The Hidden Face of Terrorism: The Dark Side of Social Engineering, From Antiquity to September 11As the cliché reminds us, information is power. In this age of computer systems and technology, an increasing majority of the world's information is stored electronically. It makes sense then that as an industry we rely on high-tech electronic protection systems to guard that information. As a professional hacker, I get paid to uncover weaknesses in those systems and exploit them. Whether breaking into buildings or slipping past industrial-grade firewalls, my goal has always been the same: extract the informational secrets using any means necessary. After hundreds of jobs, I discovered the secret to bypassing every conceivable high-tech security system. This book reveals those secrets, and as the title suggests, it has nothing to do with high technology. As it turns out, the secret isn't much of a secret at all. Hackers have known about these techniques for years. Presented in a light, accessible style, you'll get to ride shotgun with the authors on successful real-world break-ins as they share photos, videos and stories that prove how vulnerable the high-tech world is to no-tech attacks.
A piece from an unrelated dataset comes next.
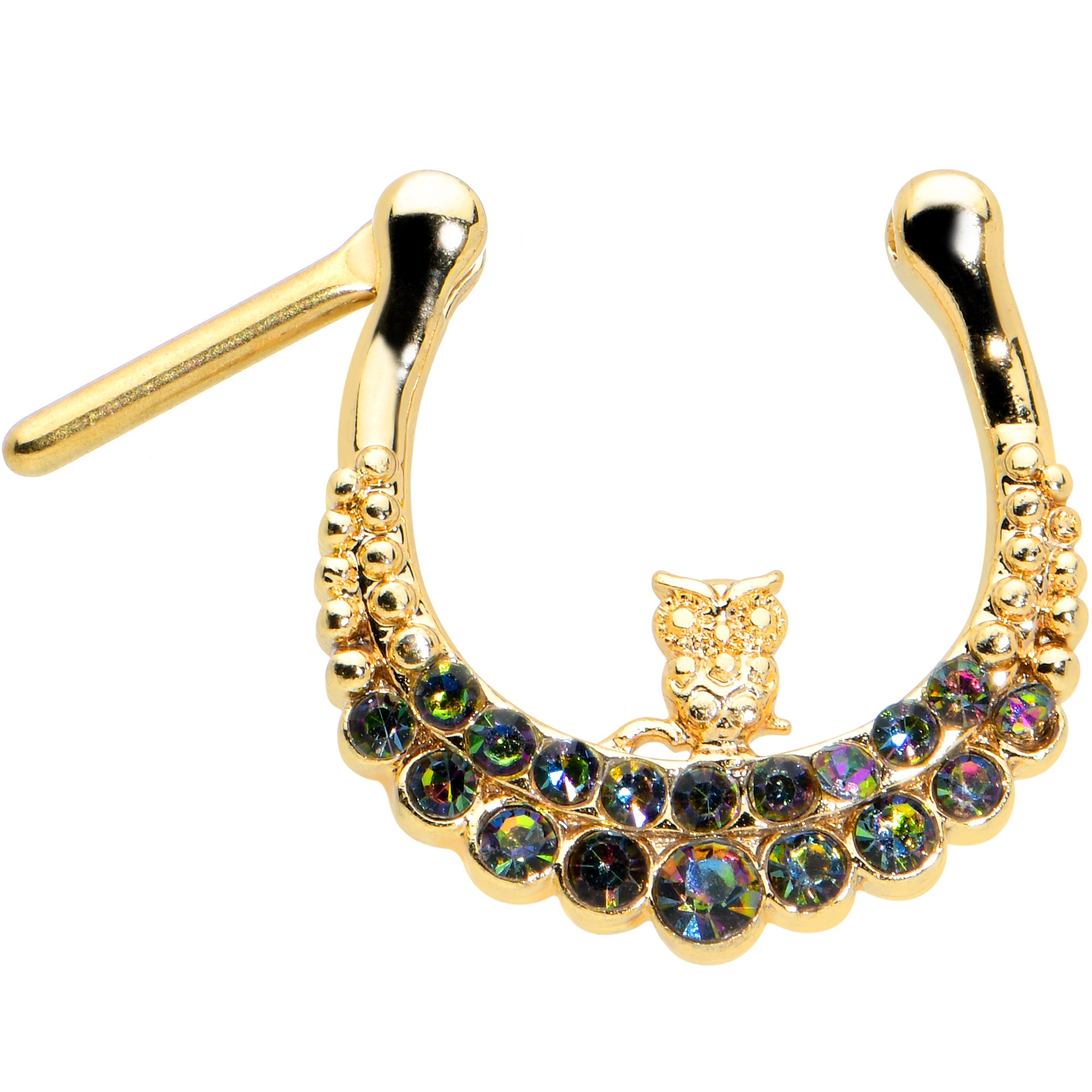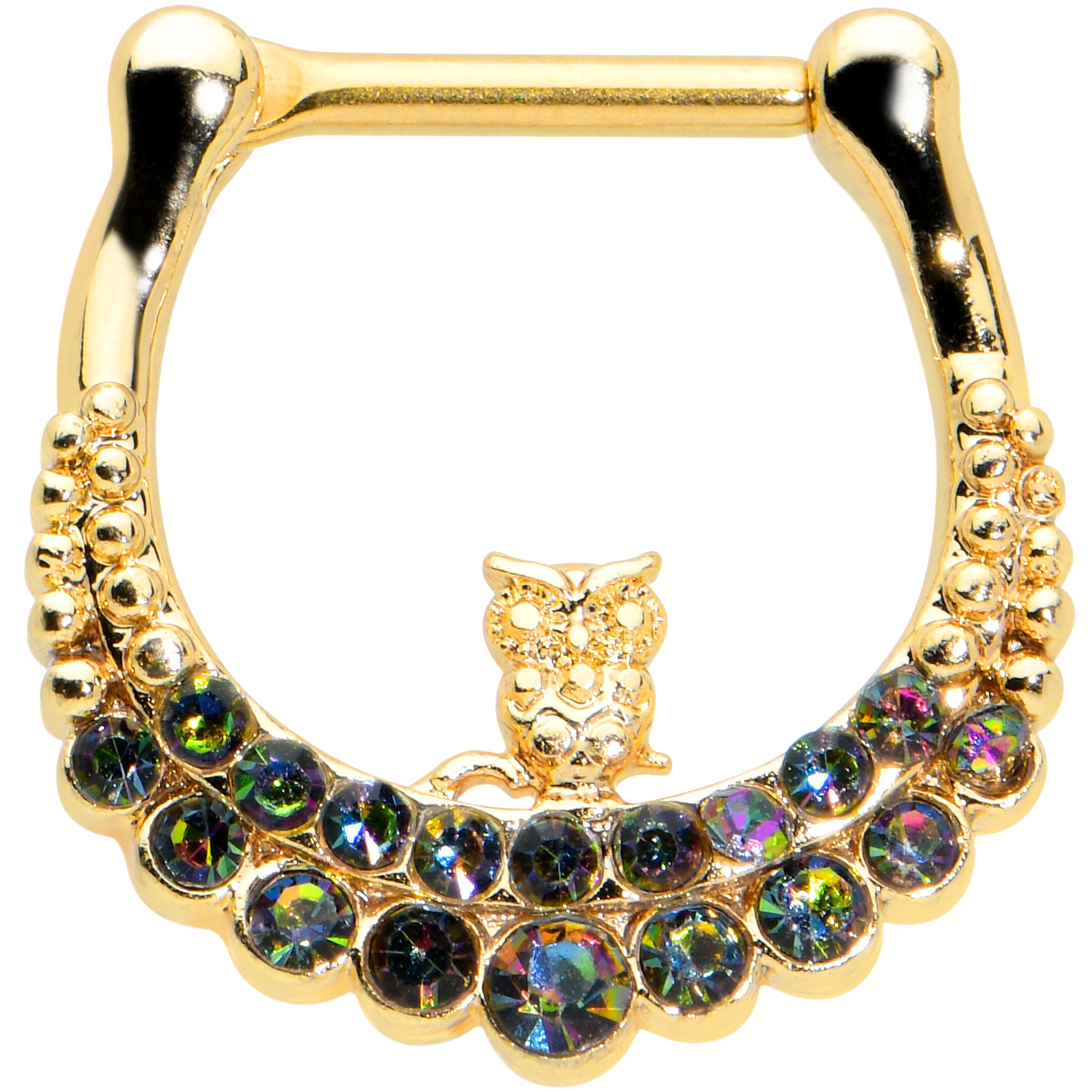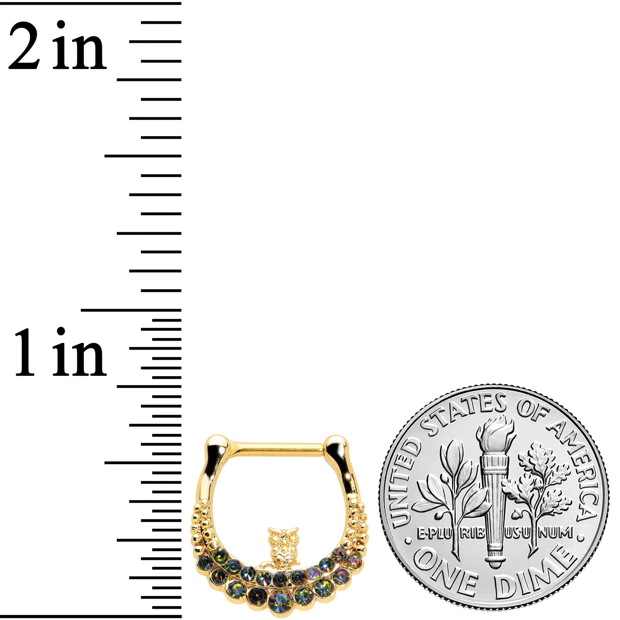 16 Gauge 5/16 Aurora Gem Gold Tone Owl Moon Cartilage Clicker

As you browse this book, you'll hear old familiar terms like “dumpster diving”, “social engineering”, and “shoulder surfing”. Some of these terms have drifted into obscurity to the point of becoming industry folklore; the tactics of the pre-dawn information age. But make no mistake; these and other old-school tactics work with amazing effectiveness today. In fact, there's a very good chance that someone in your organization will fall victim to one or more of these attacks this year. Will they be ready?

. Dumpster Diving
Be a good sport and don't read the two “D” words written in big bold letters above, and act surprised when I tell you hackers can accomplish this without relying on a single bit of technology (punny).
. Tailgating
Hackers and ninja both like wearing black, and they do share the ability to slip inside a building and blend with the shadows.
. Shoulder Surfing
If you like having a screen on your laptop so you can see what you're working on, don't read this chapter.
. Physical Security
Locks are serious business and lock technicians are true engineers, most backed with years of hands-on experience. But what happens when you take the age-old respected profession of the locksmith and sprinkle it with hacker ingenuity?
. Social Engineering with Jack Wiles
Jack has trained hundreds of federal agents, corporate attorneys, CEOs and internal auditors on computer crime and security-related topics. His unforgettable presentations are filled with three decades of personal “war stories” from the trenches of Information Security and Physical Security.
. Google Hacking
A hacker doesn't even need his own computer to do the necessary research. If he can make it to a public library, Kinko's or Internet cafe, he can use Google to process all that data into something useful.
. P2P Hacking
Let's assume a guy has no budget, no commercial hacking software, no support from organized crime and no fancy gear. With all those restrictions, is this guy still a threat to you? Have a look at this chapter and judge for yourself.
. People Watching
Skilled people watchers can learn a whole lot in just a few quick glances. In this chapter we'll take a look at a few examples of the types of things that draws a no-tech hacker's eye.
. Kiosks
What happens when a kiosk is more than a kiosk? What happens when the kiosk holds airline passenger information? What if the kiosk holds confidential patient information? What if the kiosk holds cash?
. Vehicle Surveillance
Most people don't realize that some of the most thrilling vehicular espionage happens when the cars aren't moving at all!

Price: $14.50

Click here to buy from Amazon

No Tech Hacking: A Guide to Social Engineering Dumpster Diving Shoulder Surfing

No Tech Hacking: A Guide to Social Engineering, Dumpster Diving, and Shoulder SurfingAs the cliché reminds us, information is power. In this age of computer systems and technology, an increasing majority of the world's information is stored electronically. It makes sense then that as an industry we rely on high-tech electronic protection systems to guard that information. As a professional hacker, I get paid to uncover weaknesses in those systems and exploit them. Whether breaking into buildings or slipping past industrial-grade firewalls, my goal has always been the same: extract the informational secrets using any means necessary. After hundreds of jobs, I discovered the secret to bypassing every conceivable high-tech security system. This book reveals those secrets, and as the title suggests, it has nothing to do with high technology. As it turns out, the secret isn't much of a secret at all. Hackers have known about these techniques for years. Presented in a light, accessible style, you'll get to ride shotgun with the authors on successful real-world break-ins as they share photos, videos and stories that prove how vulnerable the high-tech world is to no-tech attacks.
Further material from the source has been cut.